John Cleese. Photo: BANG Showbiz

British actor and comedian John Cleese took to social media on Tuesday to clarify claims about him canceling a series of sold-out shows in Israel, a move that a local promoter blamed on pressure from supporters of the boycott, divestment, and sanctions (BDS) movement against the Jewish state.

The “Monty Python” actor, 86, was set to perform a series of shows in Jerusalem and Tel Aviv in late November and early December. All of the performances were to be moderated by Israeli entertainer and comedian Tzivka Hadar.

Alon Yurik Productions, the promoter behind the shows, issued a statement on Monday night claiming that Cleese called off the sold-out shows after he “succumbed to threats from BDS organizations,” according to The Jewish Chronicle.

In a social media post on Tuesday morning, Cleese explained that “contrary to the claims made by Alon Yurik Productions,” he rescheduled his shows in Israel “following advice about safety” because “at 86, that is obviously all important.”

“I will rearrange these shows as soon as it’s possible – and I would be happy to perform without receiving any fee,” he added. “I am hugely fond of Israeli audiences and send my sincere apologies to all the people who bought tickets.” The same performances were originally scheduled for June, but Cleese, who in 1975 created and starred in the sitcom “Fawlty Towers,” postponed the shows because of the war between Iran and Israel at the time.

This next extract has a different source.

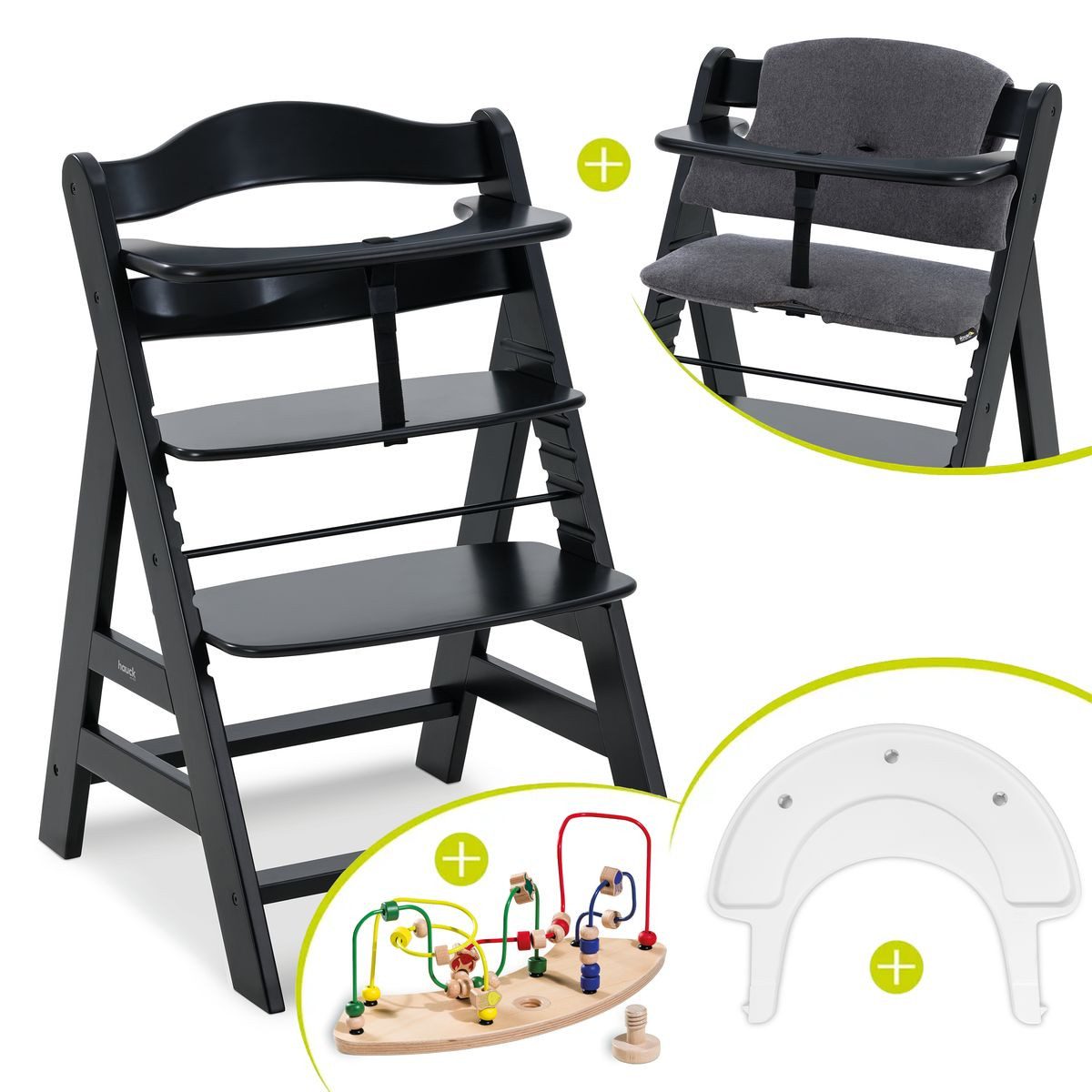 Der Hochstuhl Alpha Plus Black von Hauck bietet eine durchdachte Kombination aus Sitzkomfort und Spielmöglichkeiten. Gefertigt aus stabilem Buchenholz, wächst er mit Deinem Kind mit und sorgt durch die verstellbare Sitz- und Fußplatte für eine ergonomische Sitzposition in jeder Wachstumsphase.

The actor has recently shared on social media several posts that criticize Israel, the Israel Defense Forces (IDF), and Israeli Prime Minister Benjamin Netanyahu. He shared a video of Jewish actor Mandy Patinkin blasting Netanyahu and another clip of American actor Mark Ruffalo talking about severing ties with friends who justify Israel’s military actions targeting the Hamas terror group in the Gaza Strip over the past two years. Cleese also shared posts that promote fake news, including a claim that a former IDF soldier admitted to killing “countless babies for Israel,” which he never said.

In another post, Cleese commented “unbelievable” regarding a tweet of a fake quote attributed to former Israeli Ambassador to the United Kingdom Tzipi Hotovely. The fake quote reads: “There could be a million dead Palestinian children and I would still sleep well in the evening.” Hotovely said during an interview on “Piers Morgan Uncensored” over the summer: “We [Israel] never target civilians. Israel is not killing children, Hamas is using them as human shields … Israel is not deliberately killing children and this accusation is a fake thing.”